● **TASK DETAILS**
Print, word for word, every line from the beginning of the listing up to and including the line with "再见我的爱再见 轻轻挥手说再见 |". Pictures are to be excluded.

● **EXERCISE DATA**
>>>>>
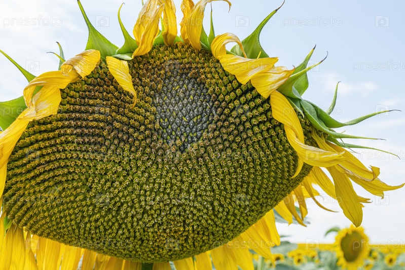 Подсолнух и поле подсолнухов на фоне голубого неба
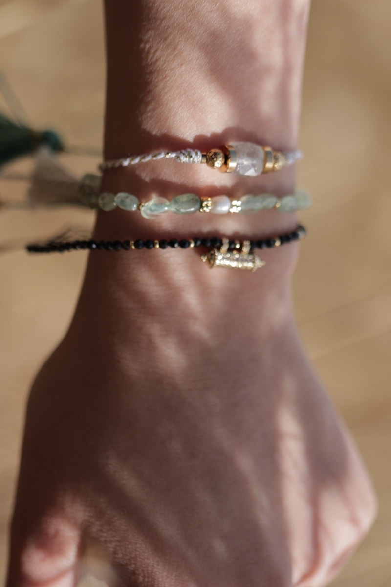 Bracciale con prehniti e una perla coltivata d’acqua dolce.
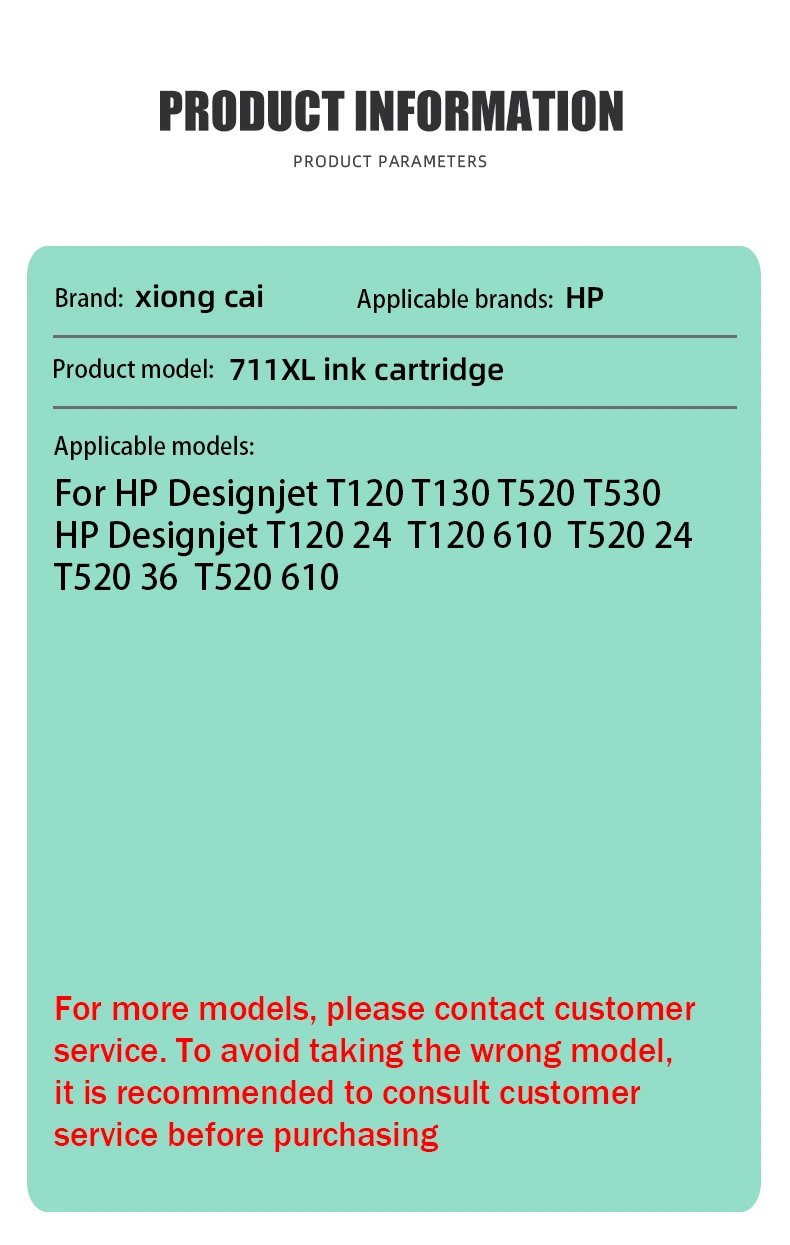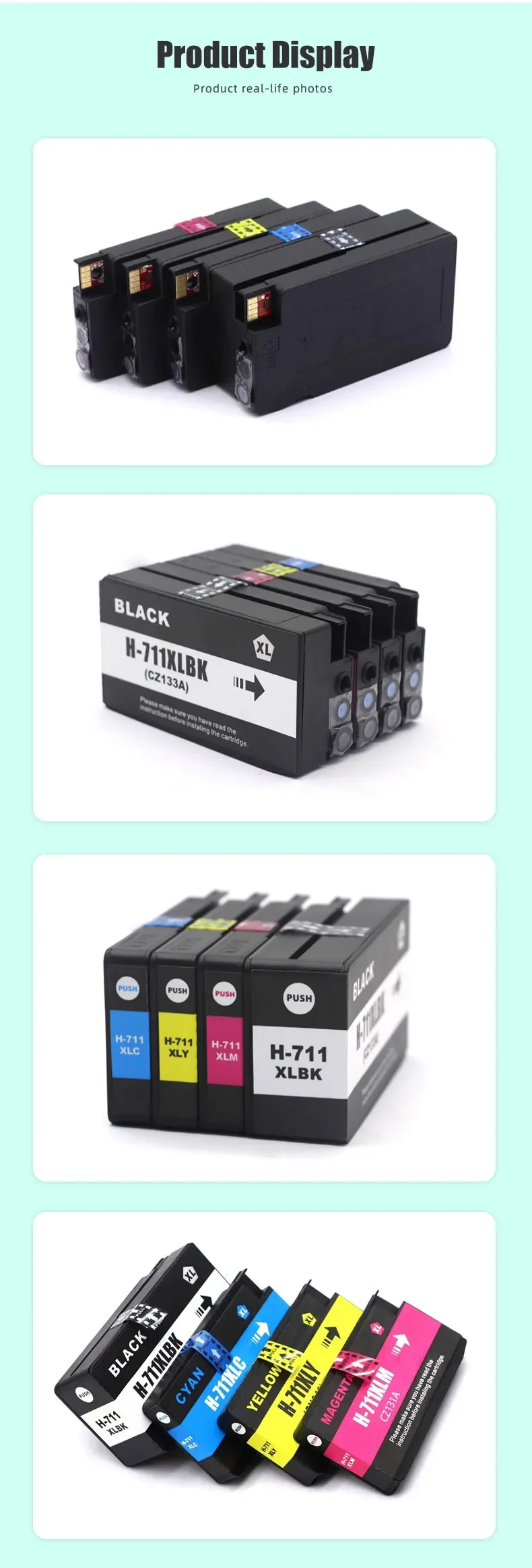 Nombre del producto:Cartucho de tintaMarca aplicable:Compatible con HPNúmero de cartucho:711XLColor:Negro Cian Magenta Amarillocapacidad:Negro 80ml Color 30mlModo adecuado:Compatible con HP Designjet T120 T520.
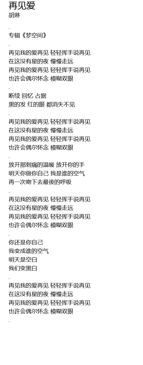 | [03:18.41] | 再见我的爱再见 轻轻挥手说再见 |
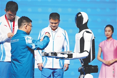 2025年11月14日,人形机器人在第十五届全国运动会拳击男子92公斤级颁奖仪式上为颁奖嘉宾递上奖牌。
<<<<<
● **YOUR SOLUTION**
 Подсолнух и поле подсолнухов на фоне голубого неба
 Bracciale con prehniti e una perla coltivata d’acqua dolce.
 Nombre del producto:Cartucho de tintaMarca aplicable:Compatible con HPNúmero de cartucho:711XLColor:Negro Cian Magenta Amarillocapacidad:Negro 80ml Color 30mlModo adecuado:Compatible con HP Designjet T120 T520.
 | [03:18.41] | 再见我的爱再见 轻轻挥手说再见 |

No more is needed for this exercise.